The immediate effect of a general reduction of wages in any country would be merely to alter the distribution of wealth. Of the amount produced less would go to the
laborers and more to those who share in the results of production without contributing to it. Some changes in exports and imports would probably follow a general reduction of wages, owing to changes in relative demand. The working classes, getting less than before, would have to reduce their luxuries, and perhaps live on cheaper food. Other classes, finding their incomes increased, might use more costly food and demand more of the costlier luxuries, and larger numbers of them might go abroad and use up in foreign countries the produce of exports, by which, of course, imports would be dimished. But except as to such changes the foreign commerce of a country would be unaffected. The country as a whole would have no more to sell and could buy no more than before. And in a little while the inevitable effect of the degradation of labor involved in the reduction of wages would begin to tell in the reduced power of production, and both exports and imports would fall off.
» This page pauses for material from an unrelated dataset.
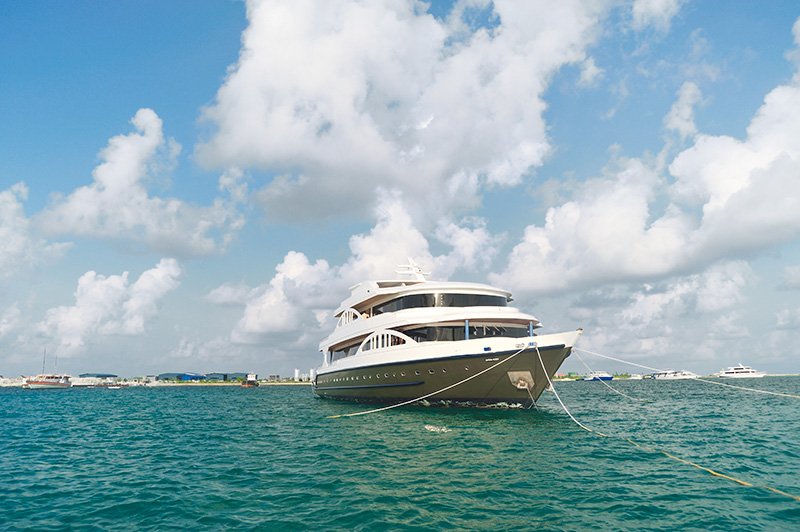 7 nights 8 days schedule Three full board meals, afternoon snacks, unlimited coffee and tea. Free Night Rocks (for qualified people only). Unlimited bottled water service 17 diving (2–3 diving per day / No diving on first check-in day) Tank, weight and nightlocks. Experienced professional diving guide Airport pick-up, drop-off, all other means of transportation. GST 12% for Accommodation One-time deserted island barbecue (variable depending on the weather) Male and Rocal Island Tour

So if in any country there were a general increase of wages, the immdiate effect would only be so to alter the distribution of wealth that more of the aggregate product would go to the laboring classes and less to those who live on the labor of others. The result would be that more of the cheaper luxuries would be called for and less of the more costly luxuries. But productive power would in nowise be lessened; there would be no less to export than before and no less ability to pay for imports. On the contrary, some of the idle classes would find their incomes so reduced that they would have to go to work and thus increase production, while as soon as an increase in wages began to tell on the habits of the people and on industrial methods productive power would increase.